What is a Good Bounce Rate

26th Feb, 2020
Richard Eaves

If there’s one thing my clients love talking about, it’s bounce rate.

Clients getting excited about anything in analytics is great, unfortunately, I tend to see a bit of over-emphasis on this one metric.

So let’s dive into when you should focus on it, when you should not, and, finally, yes we will talk about what a good bounce rate actually looks like (warning: you won’t like my answer).

 

What is bounce rate?

Makes sense to start with the basics, right?

In very basic terms, bounce rate is the proportion of visitors who land on a page, then leave without clicking on something important.

For example, if I click through to your home page from Google, scroll around for a bit then decide this isn’t really what I’m looking for, then leave, then that is counted as a bounce.

Alternatively, if I land on your home page, click through to your product page and then realise that your products are not actually what I was after, then leave, then that would not be considered a bounce (because I made a click to the product page).

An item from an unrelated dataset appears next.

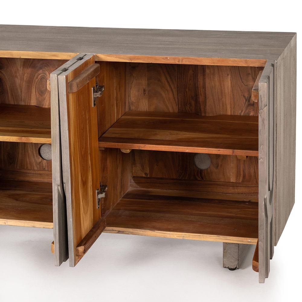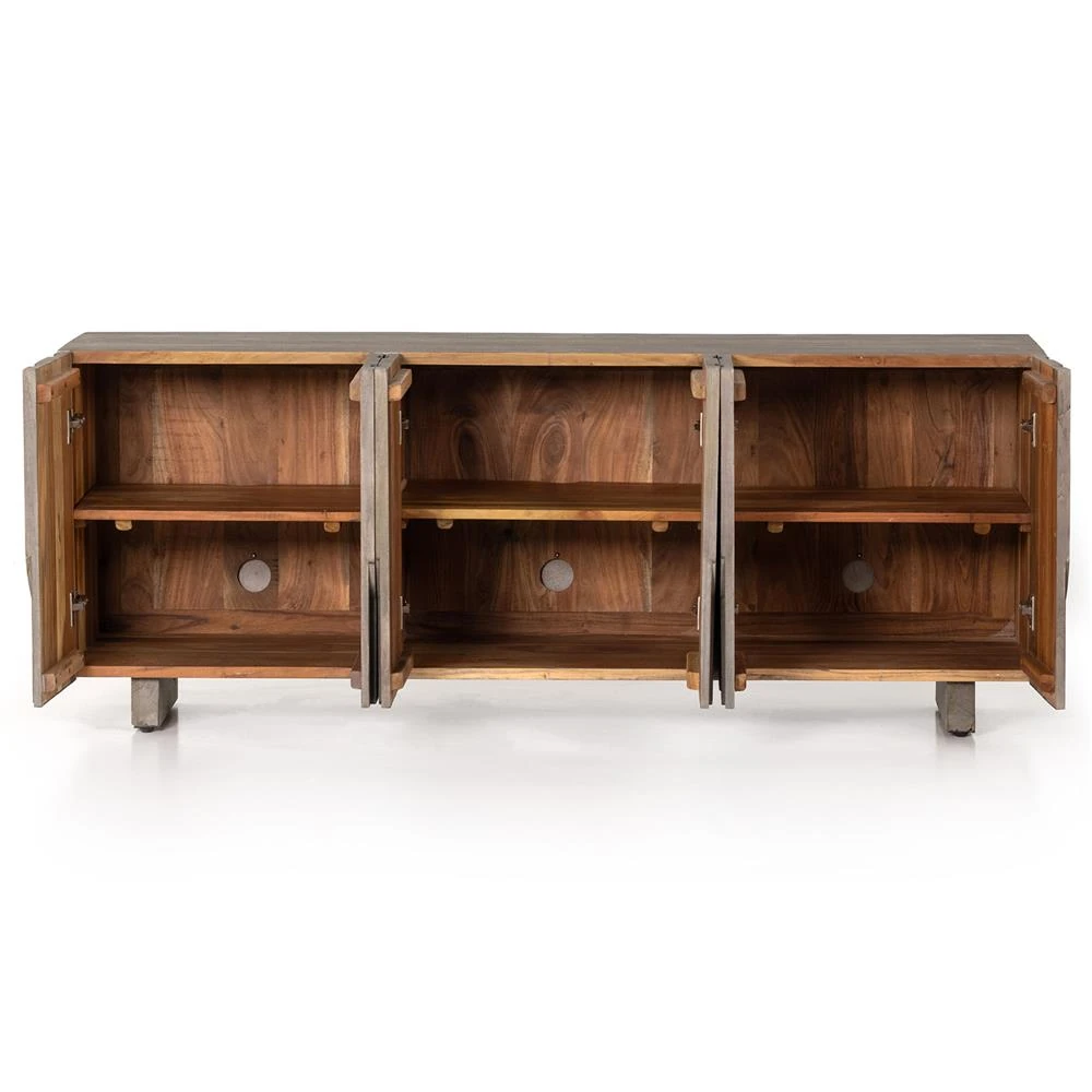 Cayson Coastal Beach Grey Acacia Wood Textured Media Cabinet - 74"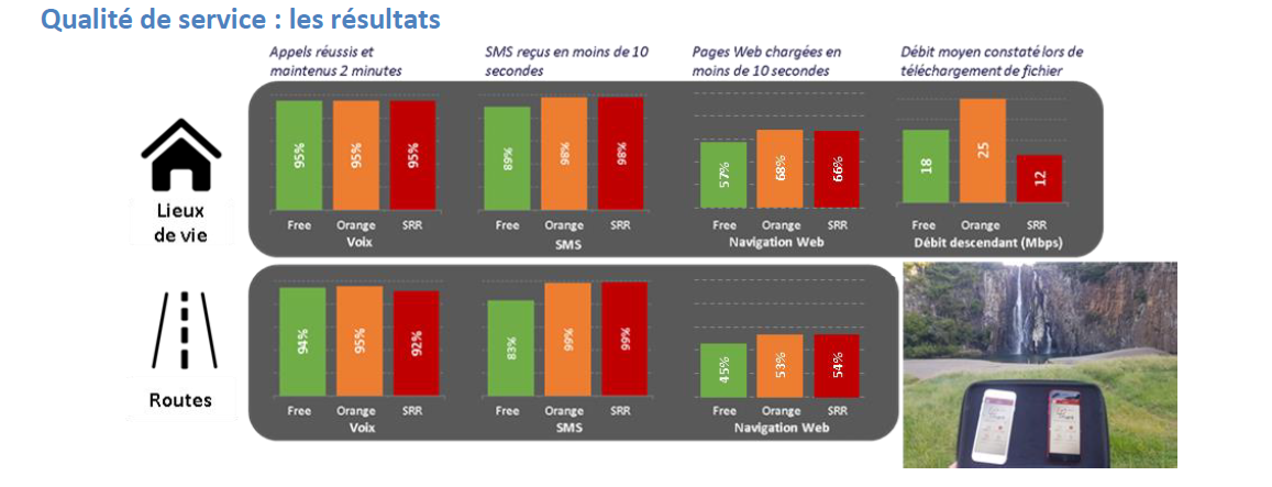 Sur les résultats de la campagne de 2018, l’opérateur de Xavier Niel et du groupe Axian, était troisième sur certains points, tel que les SMS, avec des taux de sms reçus en moins de 10 secondes de 89% dans les lieux de vie et 83% sur les routes, mais également sur la navigation web avec des pourcentages de 57% sur les lieux de vie et de 45% sur les axes routiers. Notons que sur la campagne de 2018, Free était premier ex aequo sur la voix sur les lieux de vie et deuxième sur les routes de l’île.

Ok, got it. So that means that a lower bounce rate is better, right?

Not necessarily.

As a general rule of thumb, you obviously want more people interacting with your site rather than leaving as soon as they arrive. So yes, lower is generally better.

But that is not a hard and fast rule.

For example, we can probably agree that a bounce rate of 40% is better than a bounce rate of 65%. But what if you saw you had a bounce rate of 2%? Does that mean that you’ve hit the website jackpot with a perfect website that nobody can resist?

More likely it’s just too good to be true.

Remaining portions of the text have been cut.